■ SOURCE DATA
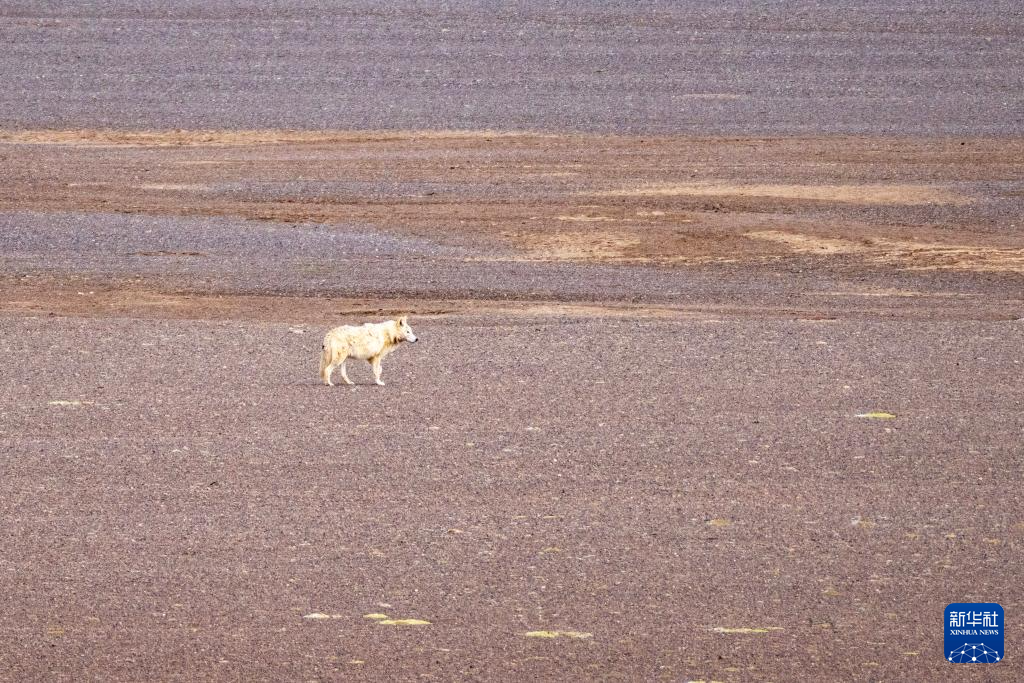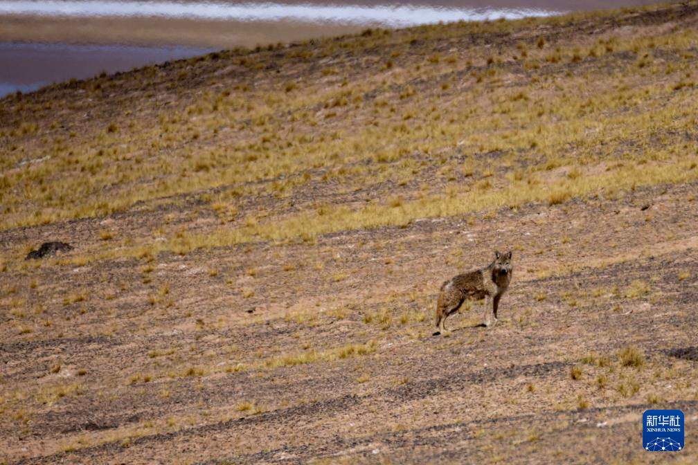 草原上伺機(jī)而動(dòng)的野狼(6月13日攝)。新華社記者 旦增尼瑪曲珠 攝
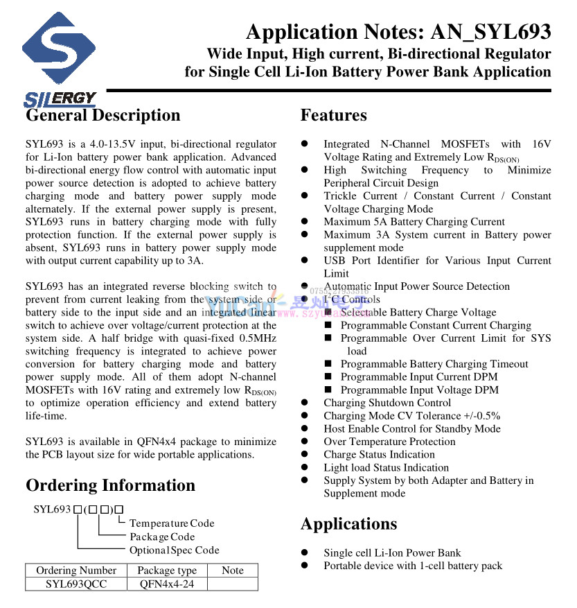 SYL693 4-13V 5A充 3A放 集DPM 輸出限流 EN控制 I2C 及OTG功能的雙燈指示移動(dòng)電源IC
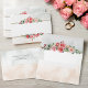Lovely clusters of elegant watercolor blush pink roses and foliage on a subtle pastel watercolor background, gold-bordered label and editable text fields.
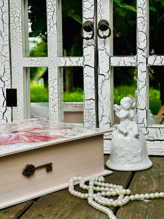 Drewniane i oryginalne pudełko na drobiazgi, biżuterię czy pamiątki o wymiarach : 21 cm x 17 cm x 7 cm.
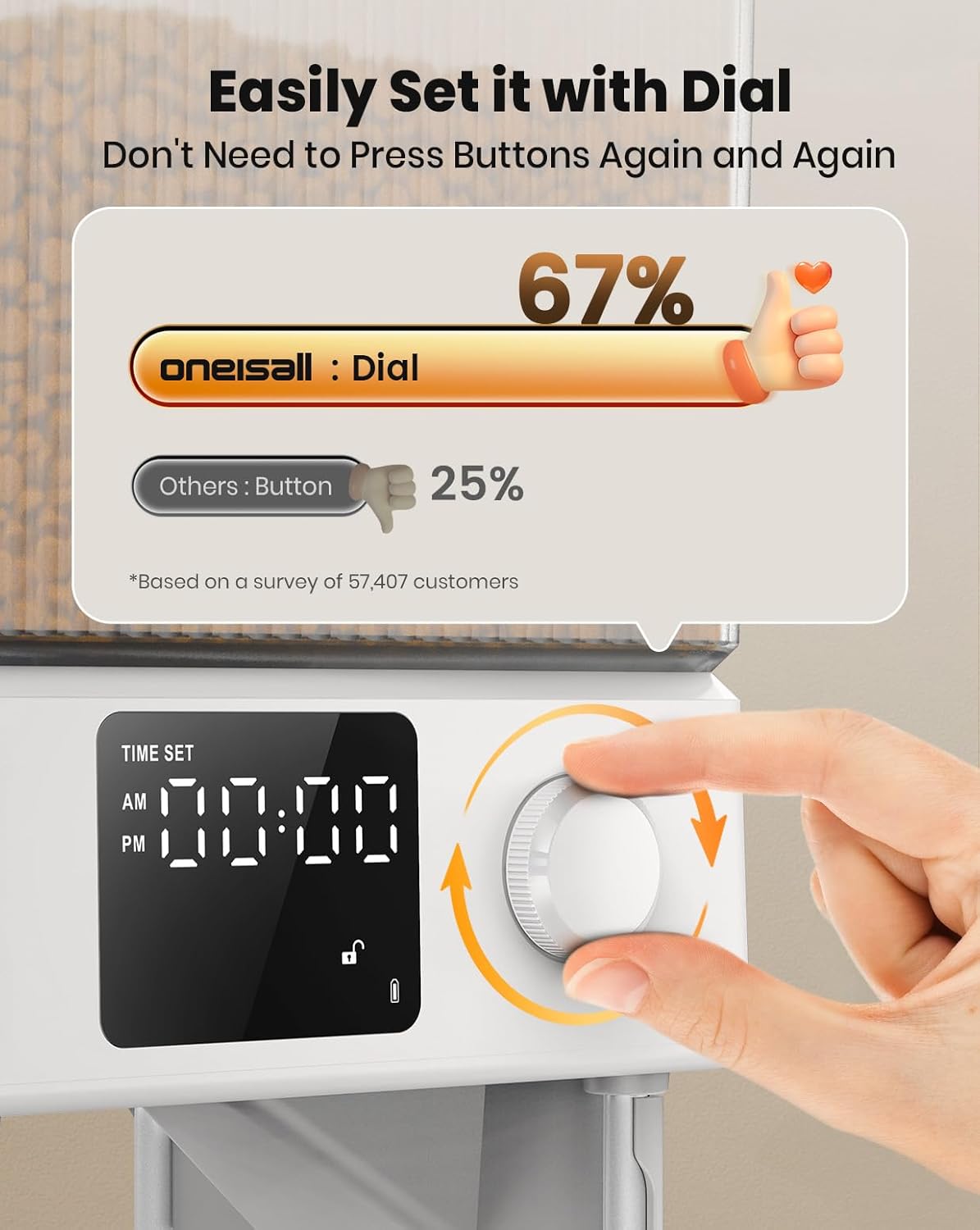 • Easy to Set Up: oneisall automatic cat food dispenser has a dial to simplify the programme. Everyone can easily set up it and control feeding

...

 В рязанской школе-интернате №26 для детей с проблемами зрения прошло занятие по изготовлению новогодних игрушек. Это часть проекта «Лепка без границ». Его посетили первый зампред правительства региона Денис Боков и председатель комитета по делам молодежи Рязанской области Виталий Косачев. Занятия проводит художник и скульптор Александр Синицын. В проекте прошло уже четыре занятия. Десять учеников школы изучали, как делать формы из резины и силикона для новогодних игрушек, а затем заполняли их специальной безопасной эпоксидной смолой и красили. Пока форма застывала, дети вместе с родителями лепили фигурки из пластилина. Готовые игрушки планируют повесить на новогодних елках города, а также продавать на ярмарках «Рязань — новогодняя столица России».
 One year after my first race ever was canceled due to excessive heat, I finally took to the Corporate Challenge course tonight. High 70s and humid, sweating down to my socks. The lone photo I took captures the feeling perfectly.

--

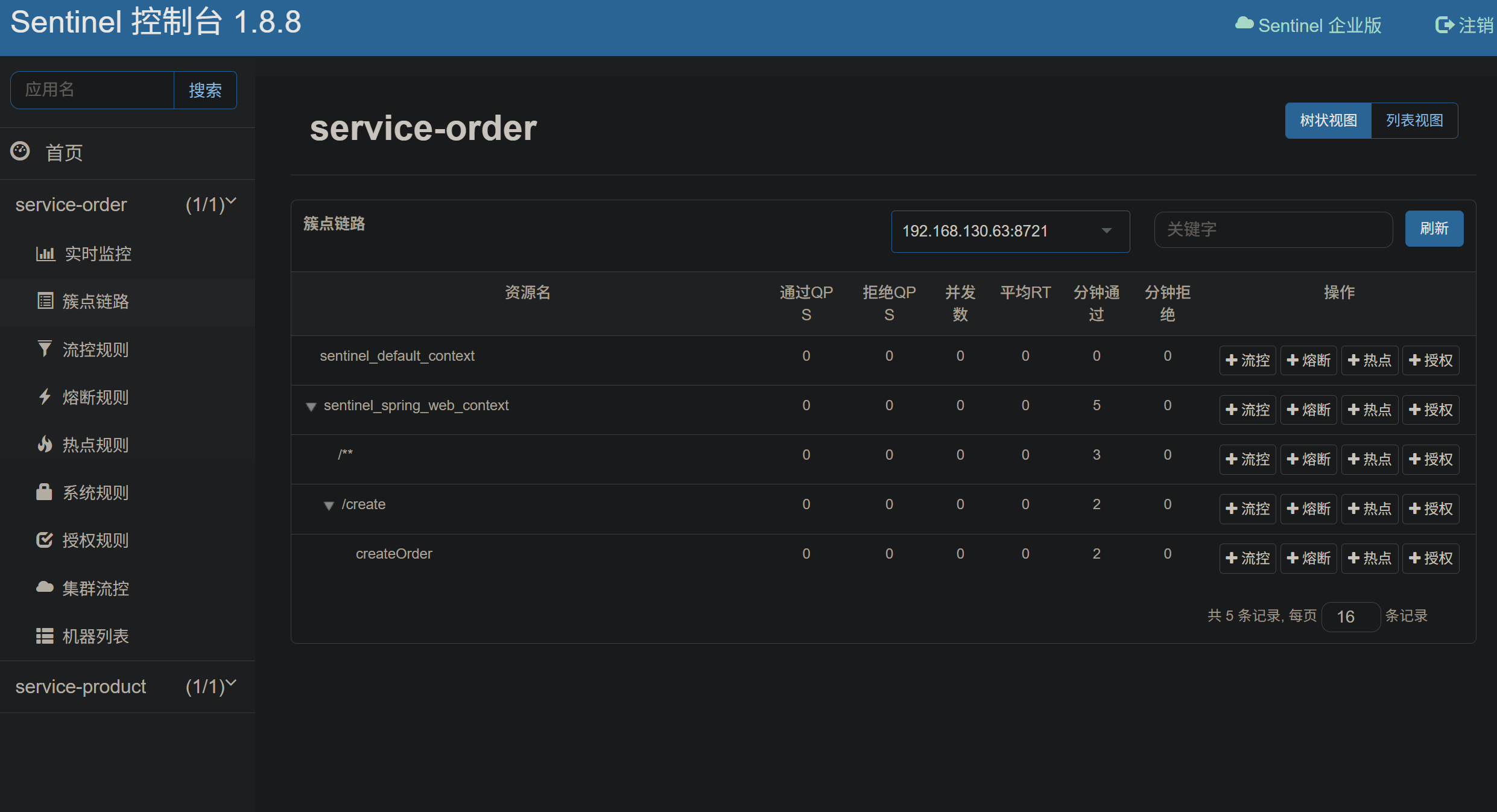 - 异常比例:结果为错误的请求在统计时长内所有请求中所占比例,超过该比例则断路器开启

■ YOUR OBJECTIVE
Of the lines above, copy only those from the one holding "SYL693 4-13V 5A充" to the one holding "and control feeding", both included, and exclude every image.

■ FINAL ANSWER
 SYL693 4-13V 5A充 3A放 集DPM 輸出限流 EN控制 I2C 及OTG功能的雙燈指示移動(dòng)電源IC
Lovely clusters of elegant watercolor blush pink roses and foliage on a subtle pastel watercolor background, gold-bordered label and editable text fields.
 Drewniane i oryginalne pudełko na drobiazgi, biżuterię czy pamiątki o wymiarach : 21 cm x 17 cm x 7 cm.
 • Easy to Set Up: oneisall automatic cat food dispenser has a dial to simplify the programme. Everyone can easily set up it and control feeding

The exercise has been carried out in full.